Return every line from the one with "Notes A 6reporterski" through the one with "三圈皮質(zhì)筆筒臺(tái)歷-馬上有福", inclusive, exactly as it appears below.

== Input for this task

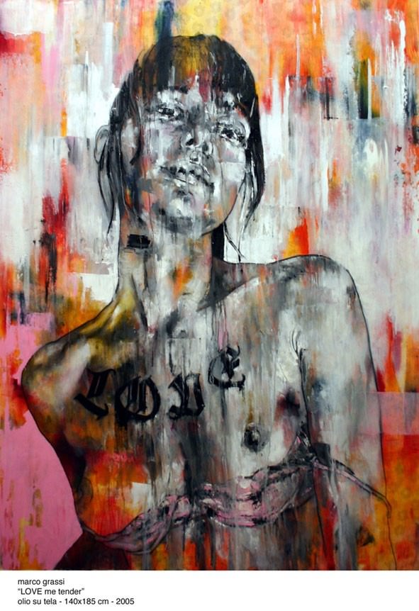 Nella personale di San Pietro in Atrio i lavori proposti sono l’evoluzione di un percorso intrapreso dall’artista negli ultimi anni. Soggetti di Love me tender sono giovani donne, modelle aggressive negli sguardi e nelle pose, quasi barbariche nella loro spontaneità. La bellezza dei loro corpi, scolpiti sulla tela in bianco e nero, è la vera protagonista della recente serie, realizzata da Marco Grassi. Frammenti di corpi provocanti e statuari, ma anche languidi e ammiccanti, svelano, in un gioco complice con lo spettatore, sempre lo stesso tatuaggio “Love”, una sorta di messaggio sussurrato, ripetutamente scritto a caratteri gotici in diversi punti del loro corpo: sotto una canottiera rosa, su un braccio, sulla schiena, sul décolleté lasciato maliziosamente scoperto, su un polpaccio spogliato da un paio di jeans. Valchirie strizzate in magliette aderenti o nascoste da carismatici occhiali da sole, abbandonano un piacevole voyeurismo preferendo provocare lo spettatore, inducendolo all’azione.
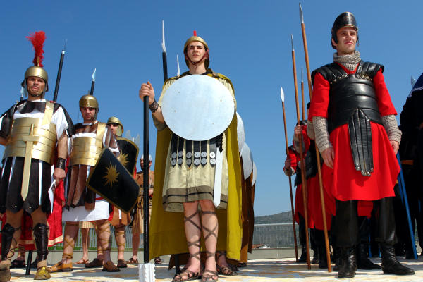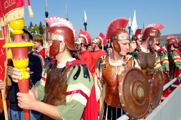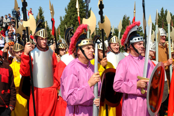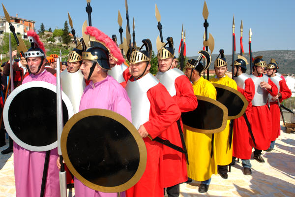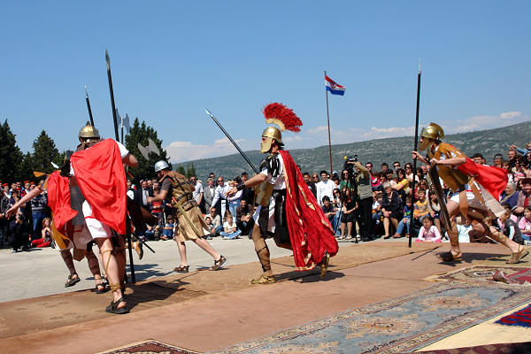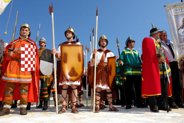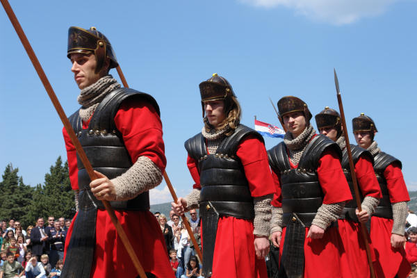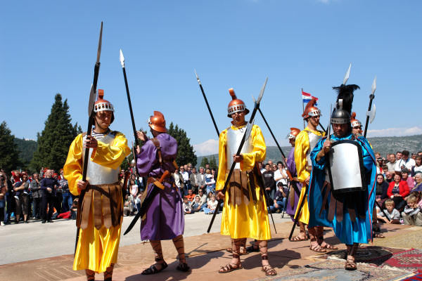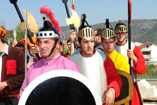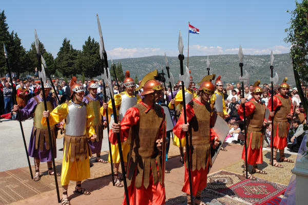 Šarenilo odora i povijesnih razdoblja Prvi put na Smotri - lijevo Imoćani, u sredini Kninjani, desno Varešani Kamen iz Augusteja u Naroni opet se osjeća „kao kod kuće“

====
== Input for this task

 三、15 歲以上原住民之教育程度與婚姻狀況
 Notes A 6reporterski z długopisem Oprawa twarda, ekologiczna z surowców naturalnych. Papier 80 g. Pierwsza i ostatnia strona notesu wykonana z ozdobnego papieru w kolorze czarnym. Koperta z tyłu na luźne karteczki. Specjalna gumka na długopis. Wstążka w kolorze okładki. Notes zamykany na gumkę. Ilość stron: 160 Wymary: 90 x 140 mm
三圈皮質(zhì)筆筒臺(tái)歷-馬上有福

====

Problem solution ::
 Notes A 6reporterski z długopisem Oprawa twarda, ekologiczna z surowców naturalnych. Papier 80 g. Pierwsza i ostatnia strona notesu wykonana z ozdobnego papieru w kolorze czarnym. Koperta z tyłu na luźne karteczki. Specjalna gumka na długopis. Wstążka w kolorze okładki. Notes zamykany na gumkę. Ilość stron: 160 Wymary: 90 x 140 mm
三圈皮質(zhì)筆筒臺(tái)歷-馬上有福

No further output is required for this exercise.